Да и не приходило на ум слово «любовь» – оно было не из моей жизни. А пока не появилось слово, пока чувство не определилось в своих границах, любовь расплывалась и растворялась во всем, что я видел, делал, говорил. Это было головокружительное вовлечение и переоблачение в мои чувства всего, что творилось вокруг. На зеленой доске оставалась свежая влажная полоса от тряпки – и это происходило со мной. В третьем ряду тихо засмеялась Таня Тиханович – казалось, что это ободряют и веселят именно меня.
– Миша, проснитесь, третьи петухи пропели! – говорила Регина Вальтеровна. Это означало, что она знает мои чувства и просто одобрительно иронизирует надо мной.
После урока мы впервые шли вдвоем, а навстречу шли медленные снеги.
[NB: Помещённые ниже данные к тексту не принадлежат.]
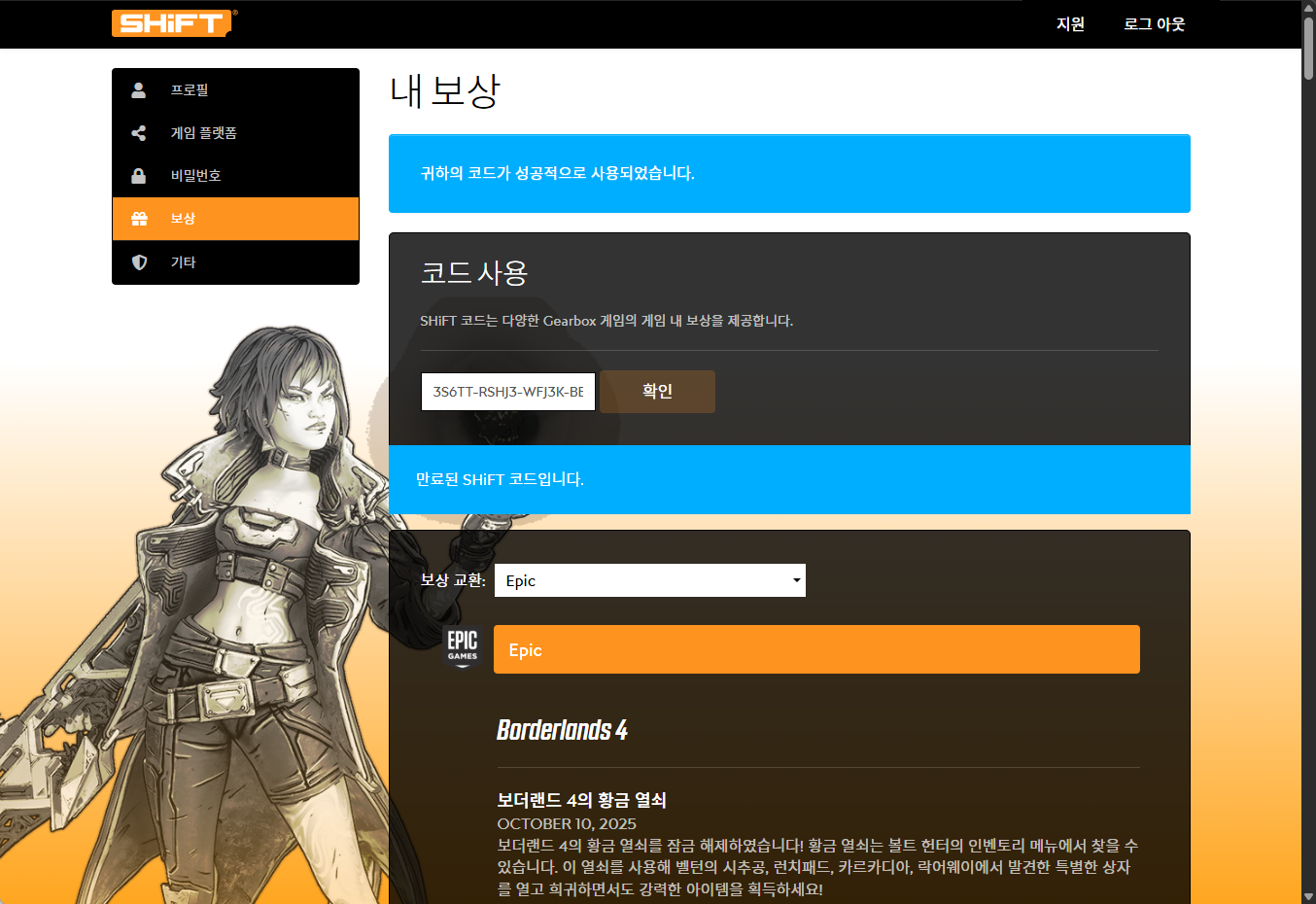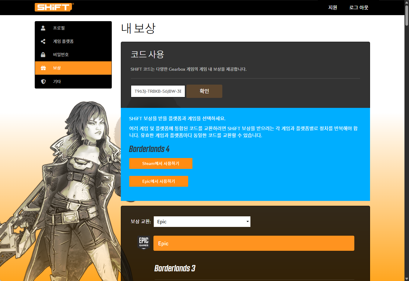Borderlands 3 보더랜드3 쉬프트 코드 SHiFT 코드 사용하기 사용방법 (무료 아이템 받기)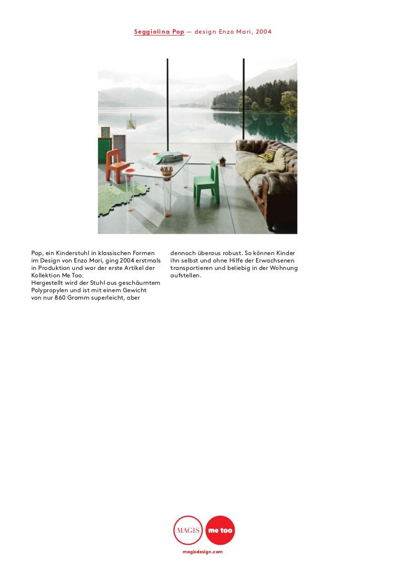 Der Kinderstuhl Seggiolina Pop gehört zur Kollektion Me too von Magis, einer Serie, die speziell für Kinder designt wurde und für leuchtende Kinderaugen sorgt. Gemeinsam mit Enzo Mari, der den Seggiolina Pop entworfen hat, sowie vielen anderen namhaften Designern entwickelte der italienische Hersteller Magis verschiedene originelle Möbel und Spielzeuge, die ein Blickfang in jedem Kinderzimmer sind. Der Kinderstuhl ist aufgrund seines speziellen Materials leicht und dennoch robust, was für Kindermöbel entscheidende Kriterien sind. So kann der Seggiolina Pop Stuhl bequem von einem Raum in den anderen getragen werden und ermöglicht flexibles Spielen und Basteln. Die fantasievollen Objekte der Me too Kollektion des italienischen Herstellers Magis sorgen bei Jung und Alt für Begeisterung.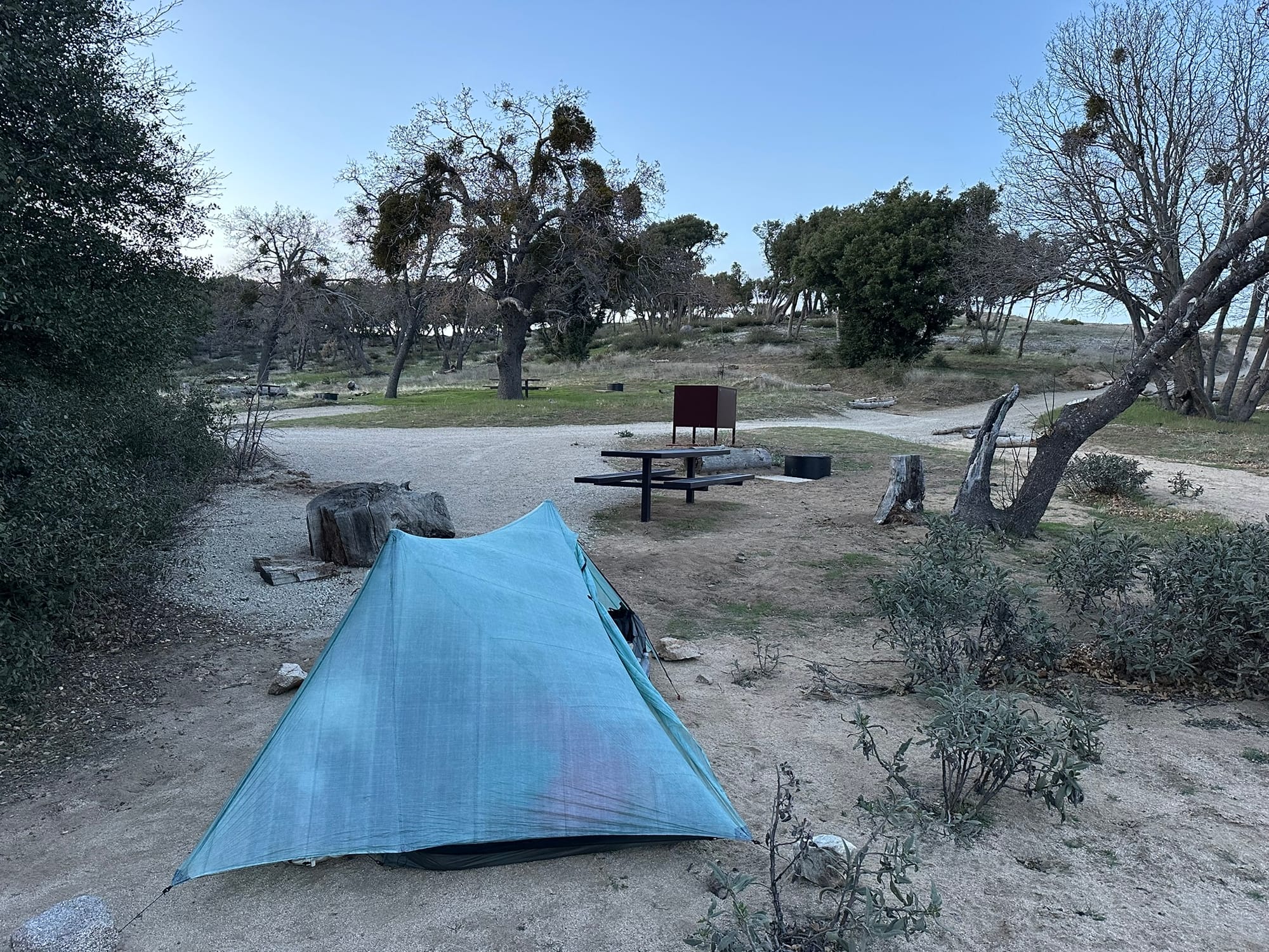 We had done around 14 miles by 11am, and man, was I feeling it. While we were filtering water, the Aussies showed up and we swapped tales on our different night experiences and Tehechapi plans. They then hit the trail ahead of us and followed along a bit after. Twig caught up with us, grabbed our phone numbers, and then sped on ahead since she had her own plans for town, and by this point, we were really dragging. The first canyon rim walks were pretty easy going despite the dirt bike erosion, but then we made it to the real climb of the day. The climb started in a shadeless canyon immediately following a steep downhill. We then went up about 1700ft on a slightly eroded sandy trail over the course of s few miles. Since we were both dead, we slowed our pace and took it nice and easy. Along the way up we took a break in the only nearby shade with a lovely hiker named Guac. After we had had enough carbs and electrolytes, we forced our way up the last bit and eventually ran into another secret cache, complete with a chair and a giant umbrella. We stopped to have a quick swig of water and to chat with the other hikers before again setting out. The sun was still glaring down on us, and we were cooked, so we called it early around 4pm and set up camp around mile 551 to take advantage of the cooler elevation. With our early stop, we were able to book a room in Tehachapi and mail some much needed shoe replacements ahead of us. All in all, we’re a bit fried from another big day of distance and climbing!

Лена была в короткой шубке и в шапке с завязанными на затылке ушами. Эти шубку и ушанку я сразу разместил в храме нового культа вместе со снежинками, которые их расцвечивали.
– Знаешь, у меня есть теория, – сказал я, стараясь замедлить шаги, – что все люди станут одной семьей.
– Как это?
– Смотри... Вот живут мальчик и девочка. Скажем, у него фамилия Смирнов, а у нее – Кравченко.
– Мне нравится имя Роман. А тебе?
– Слушай дальше. Они поженились, и у них стала фамилия Смирновы. Так?
– Так. Если только девочка не оставит девичью фамилию.
– Она не оставит. Какой смысл жениться и оставлять две фамилии?
– Вот у меня красивая фамилия, мне не хочется ее менять.
Пытаясь отогнать грусть от того, что моя фамилия не сможет конкурировать с ее красивой фамилией, и значит, между нами уже появилось какое-то препятствие, я продолжал:
– Постепенно фамилий станет все меньше, потому что вместо одного Смирнова станет двое, а еще их дети... Ну и когда-нибудь... при коммунизме, все будут одна семья.
– И больше не будут жениться?
– Не знаю, – сказал я и горестно умолк.
– А Ромой можно назвать сыночка, – вдруг произнесла Лена. – Ну, до завтра, Михаил.
Дверь подъезда захлопнулась, и я стал прислушиваться к морозу и к звуку шагов на лестнице. После сказанных слов я опять воспрял. Кому попало про сыночка говорить не станут, так ведь?
Дома я взял чистый лист, простой карандаш и ластик. Почему-то казалось, что вот сейчас подсознание кинется мне на выручку, закипит и извергнется: настолько сильно было желание. Я решил нарисовать по памяти портрет Кохановской. Я помнил ее лицо наизусть, ведь оно весь день было перед глазами, – и когда смотрел на него, и даже когда не смотрел.